If there’s a reluctance to change the terms of an advance directive, a nurse will explain things to the patient and the family from a medical standpoint, with other doctors and caregivers standing by to offer assistance.
“If we strongly believe the advance directive doesn’t match the prognosis, we have that support of the whole team to work with family and residents to come up with something more realistic,” Cornell says.
This approach worked successfully with a resident who upon admission was still alert and able to walk, but took a turn for the worse shortly afterward.
“She had cancer, and the family had a hard time accepting the prognosis,” Brown says. Working with the palliative care nurse, Brown was able to encourage the family to change the advance directive and give the patient comfort care instead of sending her back to the hospital for drastic rehabilitative measures.
It’s a difficult thing for these families to do, she concedes. “They don’t want to think they’re giving up on the family member.”
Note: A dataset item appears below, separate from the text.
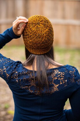 Aslyn is a fun-to-knit and easy-to-wear hat featuring beautifully simple textures that together have a dramatic effect. The hemmed, twisted rib brim transitions uninterrupted into a unique, allover lattice texture, which then blends organically into the crown shaping. This hat looks great in both variegated and solid colorways and worn either snug or slouchy!
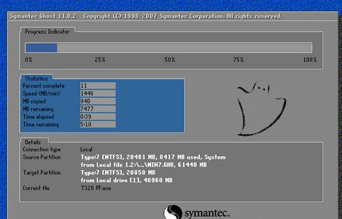 4、进入win7系统还原过程,等待执行完毕。

A little foresight in planning goes a long way. Jay Galeski, an internist with Virginia Physicians in Richmond, Va., says the majority of his patients who bring advance directives to the hospital don’t have any problems getting their wishes honored. That’s because “these care plans were created in the calm and unhurried atmosphere of an office visit, not in the ICU or emergency room setting, where many take place.”
This approach worked for the family of one of his patients who experienced a cerebral hemorrhage. “The wife and son were able to feel comfortable that the patient’s health care wishes for end-of-life care were honored,” Galeski says, “and there wasn’t any guilt when he was taken off of life support.”
Jennifer Lubell is a freelance writer living in the Washington, D.C., metropolitan area.